— Такая уж раса хлюпкая. Зябнет.

Денис глазом знатока осмотрел немецкий миномет и, обнаружив, что он не поврежден, приказал брату:

— Срывай плиту. Перенесем.

Миномет перенесли в комнату напротив. Перетащили плетеные кошелки с минами. Выломали окно, выходившее на город. Будапешт гудел, заплывая пожарами.

Денис привычно навел прицел. Хотел спуститься вниз и отыскать Антоныча, чтобы узнать, куда бить.

— Разве ты сам не знаешь, куда? — удивился Роман.

— И то правда.

Мины были трофейные — это были их мины.

— Огонь! — сам себе командовал Денис.

Первая мина опустилась в ствол.

Били, пока раскаленная труба не начинала светиться в темноте.

— Ну как, Роман? — спрашивал Денис брата, который подавал ему мины из кошелки. — Ну как?

— За ночь фрицев поубавится.

Давали трубе остыть и снова били, били, били…

XVIII

То освещая путь гранатами, то обходя задними дворами прилегающие к отелю дома, штурмовые группы до самого утра пробивались в глубь квартала.

В «Европу» перешел командный пункт батальона. Сюда уже несли на плечах боеприпасы, связисты тянули кабель, на первом этаже санитары перевязывали раненых. Во всех штабах по инстанции отметили на карте еще один важный объект, захваченный ночью.

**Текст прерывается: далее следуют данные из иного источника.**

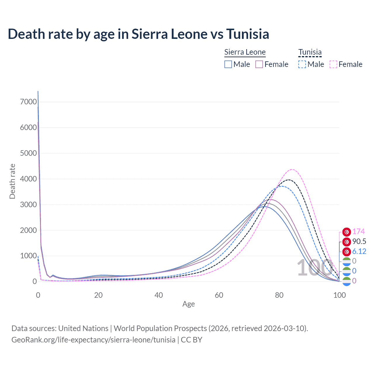 In Sierra Leone, the most common age of death is 0, compared to 83 in Tunisia. The median age of death is 70.8 in Sierra Leone and 80.2 in Tunisia, meaning only half of each cohort is expected to live past that age.
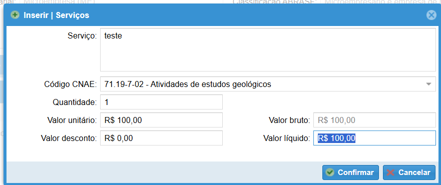 - Valor do serviço

Артиллеристы в одних гимнастерках катили на руках противотанковые пушки, устанавливая их за углом отеля и на перекрестке в круглом окопе, отрытом немцами для своей зенитки. Разбитая зенитка еще и сейчас торчала в небо мертвым хоботом.

— Пушкари не отстают, — удовлетворенно сказал Чумаченко, выглянув сквозь провал окна на перекресток. Сегодня он был доволен всем, что творилось на свете.

С того момента, как начались бои в Будапеште, орудия сопровождения шли рядом со штурмовыми группами. Эти славные маленькие пушечки можно было видеть то в разрушенном подъезде, то выглядывающими из окон подвалов, то прыгающими по мостовой вдоль узкой улицы, зажатой обвалившимися стенами и напоминавшей горное ущелье после землетрясения.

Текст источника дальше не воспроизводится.